Task to complete: Everything in the data except the pictures belongs in your answer, copied exactly.

Provided data:

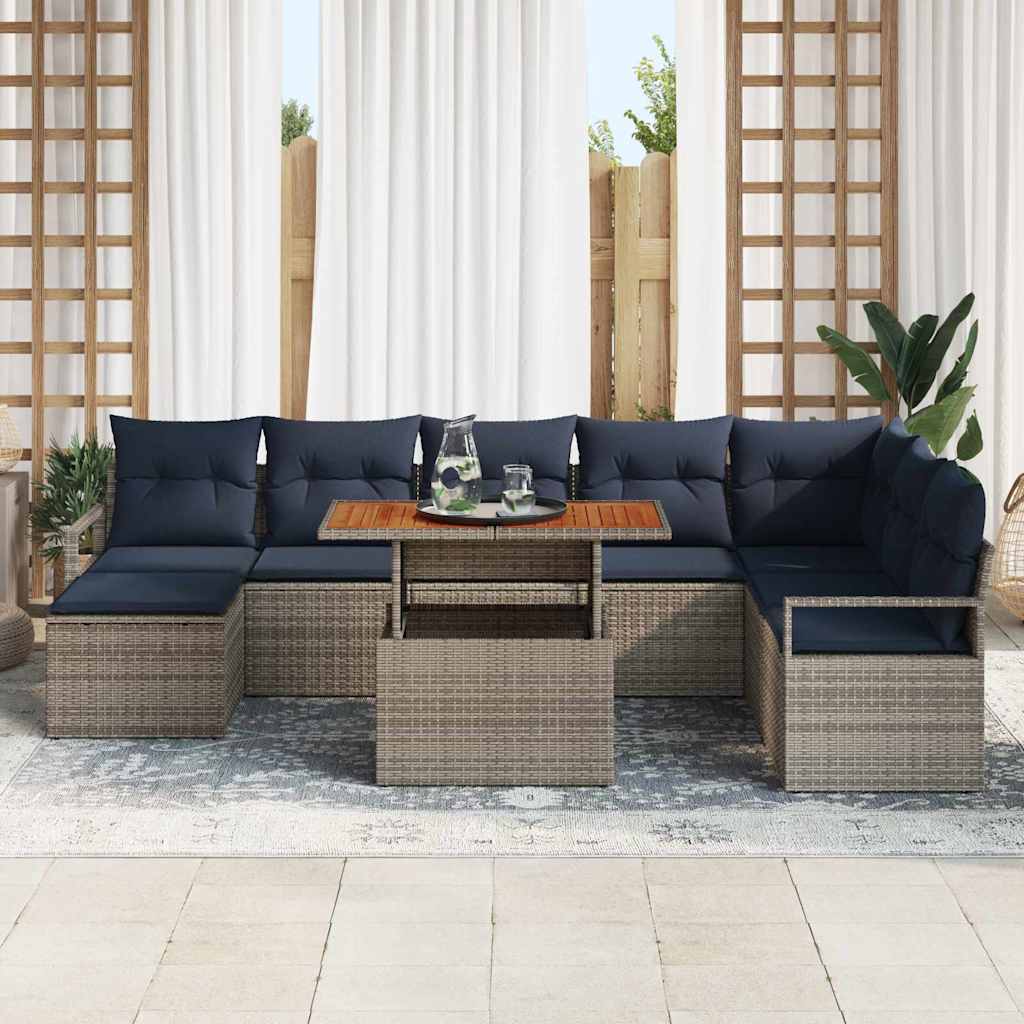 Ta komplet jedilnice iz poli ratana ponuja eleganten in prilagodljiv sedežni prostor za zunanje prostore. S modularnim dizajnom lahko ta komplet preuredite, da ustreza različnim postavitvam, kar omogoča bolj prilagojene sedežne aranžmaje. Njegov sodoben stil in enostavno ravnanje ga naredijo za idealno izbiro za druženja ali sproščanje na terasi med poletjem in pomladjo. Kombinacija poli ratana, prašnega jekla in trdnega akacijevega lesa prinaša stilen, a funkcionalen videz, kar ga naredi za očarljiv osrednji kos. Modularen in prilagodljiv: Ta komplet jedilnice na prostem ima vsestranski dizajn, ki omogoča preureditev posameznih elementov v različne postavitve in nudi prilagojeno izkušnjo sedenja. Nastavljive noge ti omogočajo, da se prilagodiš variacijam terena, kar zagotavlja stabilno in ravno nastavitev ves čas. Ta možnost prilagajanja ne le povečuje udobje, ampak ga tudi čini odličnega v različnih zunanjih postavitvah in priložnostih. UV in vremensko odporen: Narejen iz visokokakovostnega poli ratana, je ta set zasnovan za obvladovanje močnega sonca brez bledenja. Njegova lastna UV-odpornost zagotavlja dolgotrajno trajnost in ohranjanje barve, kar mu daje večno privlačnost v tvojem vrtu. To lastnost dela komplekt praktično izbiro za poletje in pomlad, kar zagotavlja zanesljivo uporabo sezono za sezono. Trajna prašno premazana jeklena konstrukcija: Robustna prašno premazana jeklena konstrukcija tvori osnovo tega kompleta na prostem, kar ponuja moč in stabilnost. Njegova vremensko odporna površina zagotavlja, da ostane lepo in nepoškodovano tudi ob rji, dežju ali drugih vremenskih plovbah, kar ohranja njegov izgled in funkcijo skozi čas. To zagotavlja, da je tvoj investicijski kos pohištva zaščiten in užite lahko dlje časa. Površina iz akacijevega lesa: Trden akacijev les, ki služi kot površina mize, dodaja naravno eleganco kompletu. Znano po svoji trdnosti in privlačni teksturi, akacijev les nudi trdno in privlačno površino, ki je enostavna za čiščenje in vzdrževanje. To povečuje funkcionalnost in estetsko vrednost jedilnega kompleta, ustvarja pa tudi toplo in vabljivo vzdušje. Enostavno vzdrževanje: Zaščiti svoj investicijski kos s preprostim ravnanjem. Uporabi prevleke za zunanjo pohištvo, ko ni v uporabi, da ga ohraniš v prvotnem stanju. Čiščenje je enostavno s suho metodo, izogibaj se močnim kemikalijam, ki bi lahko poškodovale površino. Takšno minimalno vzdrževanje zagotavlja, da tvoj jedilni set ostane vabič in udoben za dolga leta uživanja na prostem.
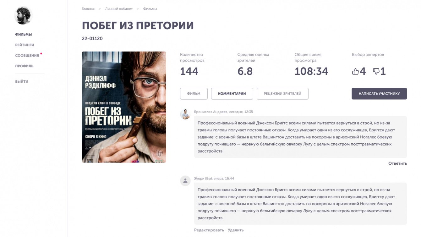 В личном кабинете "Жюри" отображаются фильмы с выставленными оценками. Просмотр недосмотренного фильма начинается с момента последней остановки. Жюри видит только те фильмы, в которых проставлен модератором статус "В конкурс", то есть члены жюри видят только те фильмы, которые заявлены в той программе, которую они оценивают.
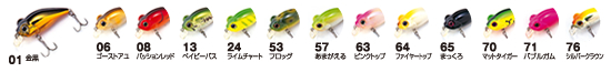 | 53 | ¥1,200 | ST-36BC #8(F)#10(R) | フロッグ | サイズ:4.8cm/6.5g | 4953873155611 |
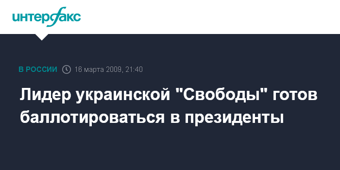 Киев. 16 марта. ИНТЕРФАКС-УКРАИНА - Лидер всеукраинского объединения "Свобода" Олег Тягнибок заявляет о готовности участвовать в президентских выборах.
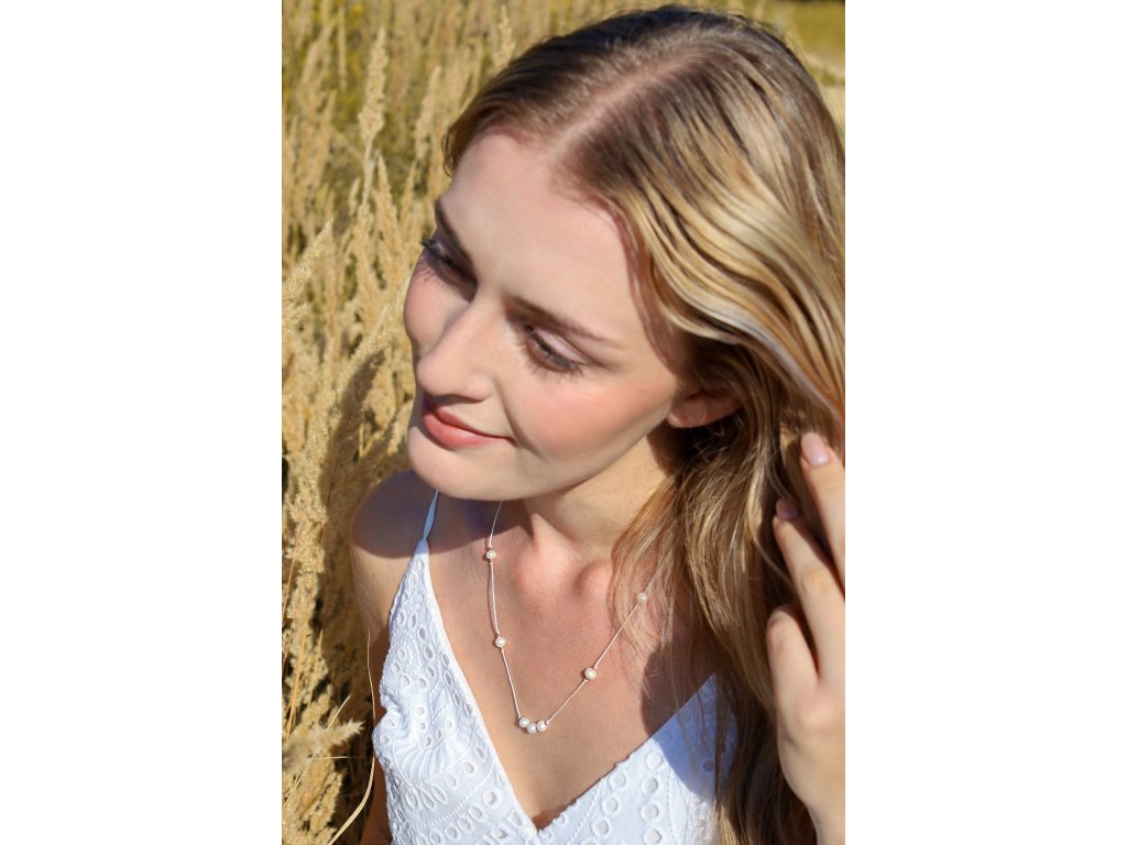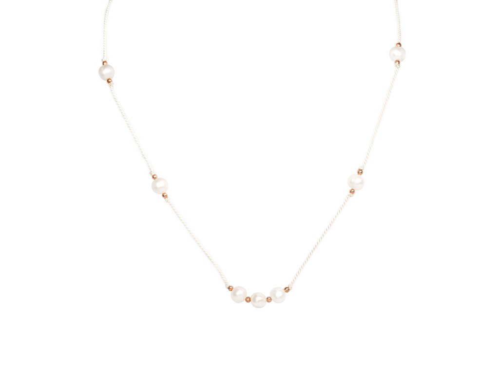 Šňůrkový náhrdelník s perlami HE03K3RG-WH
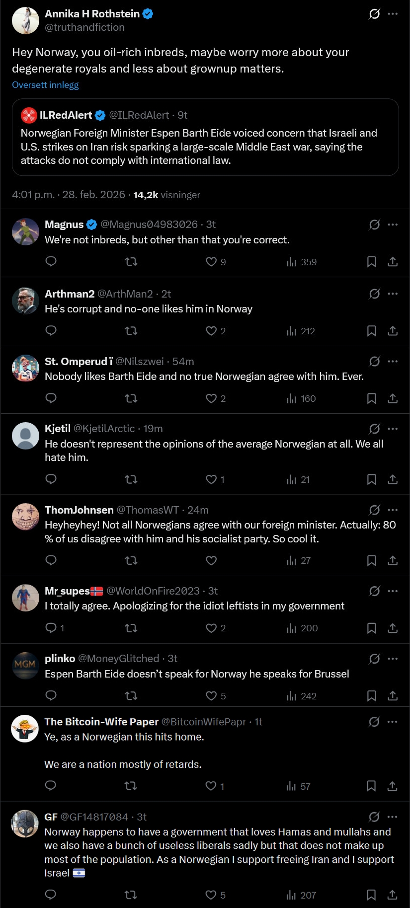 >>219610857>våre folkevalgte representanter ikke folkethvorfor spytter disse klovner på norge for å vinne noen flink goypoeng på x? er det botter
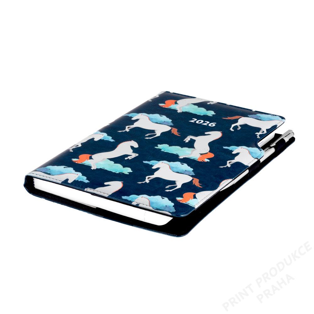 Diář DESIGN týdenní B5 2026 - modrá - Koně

Reply:
 Ta komplet jedilnice iz poli ratana ponuja eleganten in prilagodljiv sedežni prostor za zunanje prostore. S modularnim dizajnom lahko ta komplet preuredite, da ustreza različnim postavitvam, kar omogoča bolj prilagojene sedežne aranžmaje. Njegov sodoben stil in enostavno ravnanje ga naredijo za idealno izbiro za druženja ali sproščanje na terasi med poletjem in pomladjo. Kombinacija poli ratana, prašnega jekla in trdnega akacijevega lesa prinaša stilen, a funkcionalen videz, kar ga naredi za očarljiv osrednji kos. Modularen in prilagodljiv: Ta komplet jedilnice na prostem ima vsestranski dizajn, ki omogoča preureditev posameznih elementov v različne postavitve in nudi prilagojeno izkušnjo sedenja. Nastavljive noge ti omogočajo, da se prilagodiš variacijam terena, kar zagotavlja stabilno in ravno nastavitev ves čas. Ta možnost prilagajanja ne le povečuje udobje, ampak ga tudi čini odličnega v različnih zunanjih postavitvah in priložnostih. UV in vremensko odporen: Narejen iz visokokakovostnega poli ratana, je ta set zasnovan za obvladovanje močnega sonca brez bledenja. Njegova lastna UV-odpornost zagotavlja dolgotrajno trajnost in ohranjanje barve, kar mu daje večno privlačnost v tvojem vrtu. To lastnost dela komplekt praktično izbiro za poletje in pomlad, kar zagotavlja zanesljivo uporabo sezono za sezono. Trajna prašno premazana jeklena konstrukcija: Robustna prašno premazana jeklena konstrukcija tvori osnovo tega kompleta na prostem, kar ponuja moč in stabilnost. Njegova vremensko odporna površina zagotavlja, da ostane lepo in nepoškodovano tudi ob rji, dežju ali drugih vremenskih plovbah, kar ohranja njegov izgled in funkcijo skozi čas. To zagotavlja, da je tvoj investicijski kos pohištva zaščiten in užite lahko dlje časa. Površina iz akacijevega lesa: Trden akacijev les, ki služi kot površina mize, dodaja naravno eleganco kompletu. Znano po svoji trdnosti in privlačni teksturi, akacijev les nudi trdno in privlačno površino, ki je enostavna za čiščenje in vzdrževanje. To povečuje funkcionalnost in estetsko vrednost jedilnega kompleta, ustvarja pa tudi toplo in vabljivo vzdušje. Enostavno vzdrževanje: Zaščiti svoj investicijski kos s preprostim ravnanjem. Uporabi prevleke za zunanjo pohištvo, ko ni v uporabi, da ga ohraniš v prvotnem stanju. Čiščenje je enostavno s suho metodo, izogibaj se močnim kemikalijam, ki bi lahko poškodovale površino. Takšno minimalno vzdrževanje zagotavlja, da tvoj jedilni set ostane vabič in udoben za dolga leta uživanja na prostem.
 В личном кабинете "Жюри" отображаются фильмы с выставленными оценками. Просмотр недосмотренного фильма начинается с момента последней остановки. Жюри видит только те фильмы, в которых проставлен модератором статус "В конкурс", то есть члены жюри видят только те фильмы, которые заявлены в той программе, которую они оценивают.
 | 53 | ¥1,200 | ST-36BC #8(F)#10(R) | フロッグ | サイズ:4.8cm/6.5g | 4953873155611 |
 Киев. 16 марта. ИНТЕРФАКС-УКРАИНА - Лидер всеукраинского объединения "Свобода" Олег Тягнибок заявляет о готовности участвовать в президентских выборах.
 Šňůrkový náhrdelník s perlami HE03K3RG-WH
 >>219610857>våre folkevalgte representanter ikke folkethvorfor spytter disse klovner på norge for å vinne noen flink goypoeng på x? er det botter
 Diář DESIGN týdenní B5 2026 - modrá - Koně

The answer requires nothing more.